Your Box Office Explained: Immortals Slays Jack and Jill

Photo: Jan Thijs/War of The Gods LLC

This Weekend’s Winners: Immortals ($32 million from 3,100 theaters) exceeded expectations, which means that — to the extent stars get any credit for anything anymore — Warner Bros. and its forthcoming Man of Steel, starring Henry Cavill, should benefit next year, too

This Weekend’s Loser: J. Edgar ($11.5 million from 1,900 theaters) is the very definition of meh.

How It All Went Down: There was nothing obvious about the success of Immortals. It was a male-skewing, R-rated film, which narrows its ability to perform both with the fairer sex and the young ‘uns, and represented Relativity Media’s biggest bet yet. (The studio says the film cost $75 million, but insiders believe it’s more.) It opened at well less than half of what Warner Bros.’ 300 grossed in its first weekend, but then Relativity is neither the world’s largest studio nor did it begin selling the film a full year and a half in advance of its opening, as Warner did with Zack Snyder’s green-screen epic.

What Relativity did do was pray fervently to Hamblor, “the god of hamburgers,” to help them target middle America’s dudes right where they eat with a huge Carl’s Jr. promotion. This red-meat marketing seemed to pay off, with the film’s first weekend audience overwhelmingly male (60 percent), young (75 percent under 35), and urban, with more than one-in-three Hispanic.

Speaking of consuming red meat, it must also be said that the thing Immortals also had going for it was an unusually low amount of cannibalism at the box office this weekend: Jack and Jill might have been just about the lowest opening Sandler comedy of his career ($26 million, since we’re not counting the highfalutin pictures like Punch Drunk Love and Funny People), but with a PG rating, Sony had families and the youth market all to itself: More than half the Jack and Jill audience (53 percent) was families.

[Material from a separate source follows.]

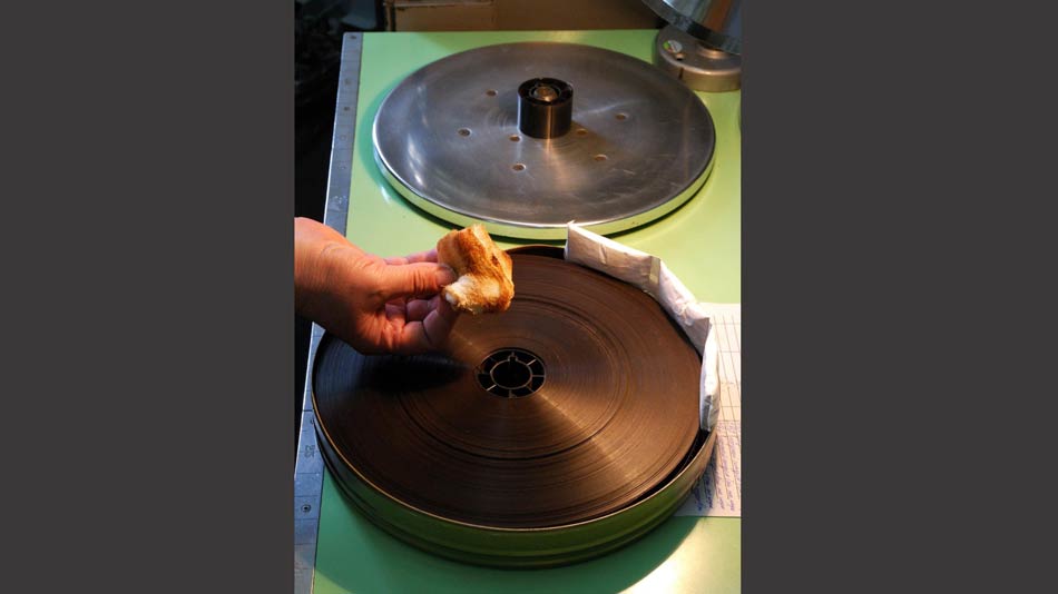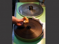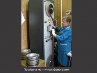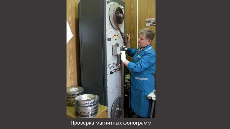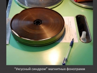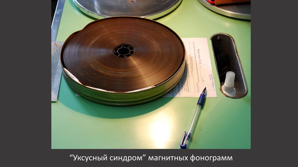 В связи с этим в архиве была разработана специальная программа по работе с магнитными фонограммами. С целью предотвращения заражения кинодокументов парами уксусной кислоты все магнитные фонограммы (их на хранении в архиве – 21 тысяча), были перемещены на 2-ой этаж триацетатного фильмохранилища. Наряду с проведением контроля технического состояния магнитных фонограмм с использованием фильмофонографа (Слайд 35) для определения состояния звука, проводится проветривание коробок и закладка в них поглотителей уксусной кислоты. Эта работа проводится с конца 2000 года. За это время прошли проверку технического состояния все магнитные фонограммы. 44 ед.хр. были выявлены с признаками «уксусного синдрома», эти коробки были переведены на другой носитель (записаны на кассету). На сегодняшний день по результатам последующих проверок нам необходимо ещё оцифровать 429 ед.хр. магнитных фонограмм, шумов/музыки, которые показали наличие «уксусного синдрома» III стадии (осыпание магнитного слоя) (Слайды 36-38). С сентября 2016 года начался четвертый круг проверки магнитных фонограмм.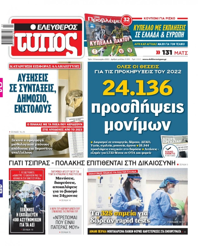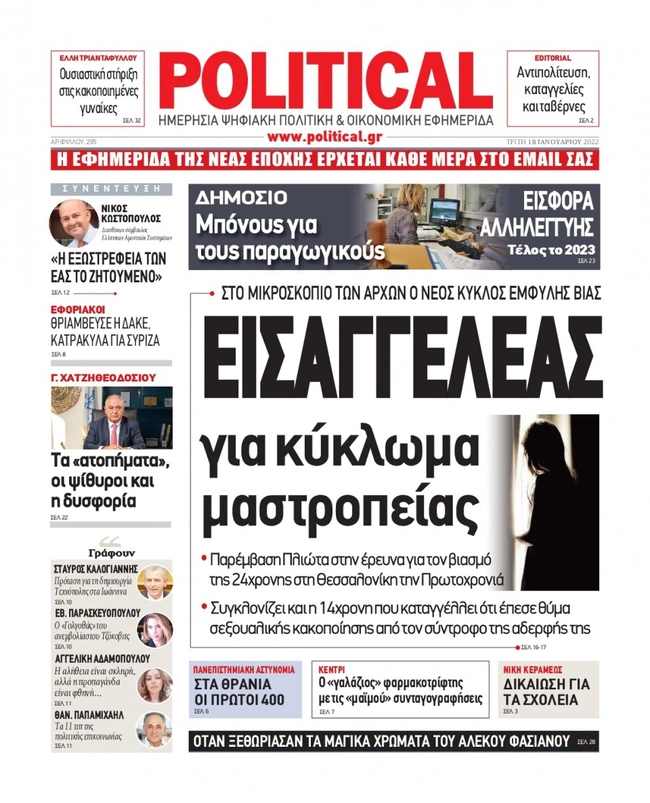 Τα πρωτοσέλιδα των ελληνικών εφημερίδων για σήμερα Τρίτη 18Ιανουαρίου. Δείτε τι φιλοξενεί στην πρώτη του σελίδα ο πολιτικός και οικονομικός Τύπος και τα θέματα της επικαιρότητας που ξεχωρίζουν.

Finally, rounding things out, there was J. Edgar, which had the grown-ups and serious moviegoers to itself, and seemed poised to open more strongly than it did. In fact, late week NRG tracking found that J. Edgar had higher awareness (71 percent versus Immortals’ 69 percent) and the same amount (45 percent apiece) of overall definite interest, but those numbers didn’t end up amounting to much.